Insight on JVM Tuning

11 min readAug 23, 2020

Introduction

The amount of information available on Tuning JVMs is overwhelming! There are many techniques and even more blogs published on the subject. Over the last few years, I have been working on monoliths, microservices, and, most recently, on containers on Kubernetes. I found many opportunities for JVM Tuning and, through much experimentation and analysis, learned how to achieve the optimal results. Unfortunately, there is no fixed formula for JVM tuning that works every time for every environment. However, there are some best practices that I found quite useful to get close to optimal results. That is why there is no fixed formula for optimization; hence I usually called JVM tuning as an “Art.”

In this blog, I give an uber picture across this spectrum of techniques for the full life cycle of JVM Tuning. We will cover upcoming JVM technology changes that bring new features and new GC algorithms. As memory and CPU become cheaper, different trade-offs are possible, JVM tuning is a moving target. Below is an Ideal state of Application where we have regular GC happening and objects being garbage collected at a steady rate. If your application Garbage collection is frequent, clearing objects from the heap and bringing heap memory to the base state would be ideal.

Heap usage graph generated by https://gceasy.io

Every Application should try to reach this base state. However, for most modern applications, there is an opportunity to tune.

Customer

We need to understand the customer needs and SLA for our products, we follow below, but they may vary based on your customer requirements.

Stability — We are always focused on customer FCI ( Failed Customer Interaction), ensuring the customer has the right behavior of the product and won’t see the error on their side.
Performance — Once stability achieved, focus would be on the optimal way to serve the customer, which we measured as TP99 ( 99 percentile of response time). We measured customer perceived performance.
Availability — Last but not least, ensure that our product availability should beyond 99.99% and should not have outages. The scale is the next step in this journey, where you can do vertical and horizontal scales based on product needs.

JVM

Every Product has different requirements and burning needs. However, most of the time, we focus on below, as they cover core tuning concepts and biggest needle mover.

Pause Time — Focus would be on Reducing the pause( suspension) time. Pause Time impacts the response time, aka Performance.
GC Invocation — Minimizing the Full/Major GC, will help the stability of the product.
Object Lifetime — Object lifetime in JVM, ensuring the Objects are not pushed to Major collection and most of them to be garbage in Minor. Object rate also needs to be controlled. Overall object churn rate, how many objects created and cleaned up. Object Lifetime brings overall Availability, as less Full GC Invocation, and lesser pause time.

Operation

We then need to consider how we can get insight into the above JVM parameters so that we can take corrective action. We need to look based on what specific problems we are facing.
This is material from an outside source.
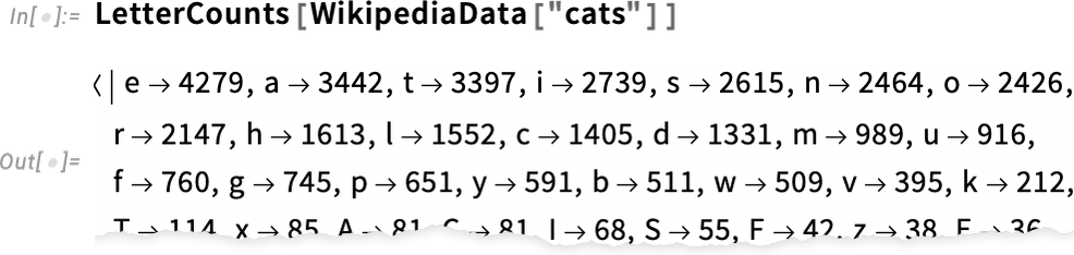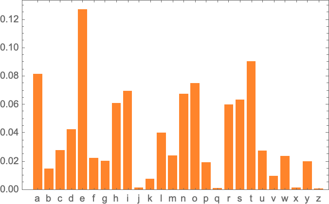 우리가 할 수 있는 아주 최소한의 일은 영어 텍스트의 샘플을 취하고 그 안에 얼마나 자주 다른 문자가 나타나는지 계산하는 것입니다. 예를 들어 "고양이"에 대한 Wikipedia 기사의 문자 수를 계산합니다.

JVM Monitoring — Any modern APM tool will help you to monitor this. We want to see the pattern of the Minor, Major as well as suspension time.
Gc.log analysis — If you configure your gc logs, you can view it with your favorite log analysis tools.
Heap dump — Heap dump also has two concepts, one with Live objects and second with making Full GC so that only objects left in the major have captured. Another concept for Heap dump is to attach to API or code base or stand-alone dump. Specific APM tools with Performance CI can help; most common is taking the Heap dump and analyzing it separately. However, there are so many different ways we can capture the Heap Dumps.

Problems

Though there might be many aspects of issues, as well as their intensity. However, we focus on below, as I believe making an impact on these will help across tuning space.

GC Pause Time — This is one of the first symptoms of the GC problem, and pushing to look into JVM tuning. Here is a useful reference on how to understand and handle it.
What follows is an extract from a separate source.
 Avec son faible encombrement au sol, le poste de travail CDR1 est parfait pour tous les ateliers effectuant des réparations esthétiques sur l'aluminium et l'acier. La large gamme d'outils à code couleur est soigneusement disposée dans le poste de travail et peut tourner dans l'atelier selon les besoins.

Memory Leaks — Best coding practices are an iterative process, though as an engineer, we are focused more on writing optimized code, Memory-leaks are reality.

Out OF Memory / Full GC — If we are not following the core principle of what and how to configure your JVM based on your application needs, we end up in OOM. Applications are Memory and CPU bound, and you need to use them wisely, this does have a significant impact on cost.

Heap usage graph generated by https://gceasy.io

Background and Future ahead

This Blog is an attempt to bring some background, where I started working on Java. I try to capture what types and trends change. I am sharing my experiences in dealing and continue looking for future changes.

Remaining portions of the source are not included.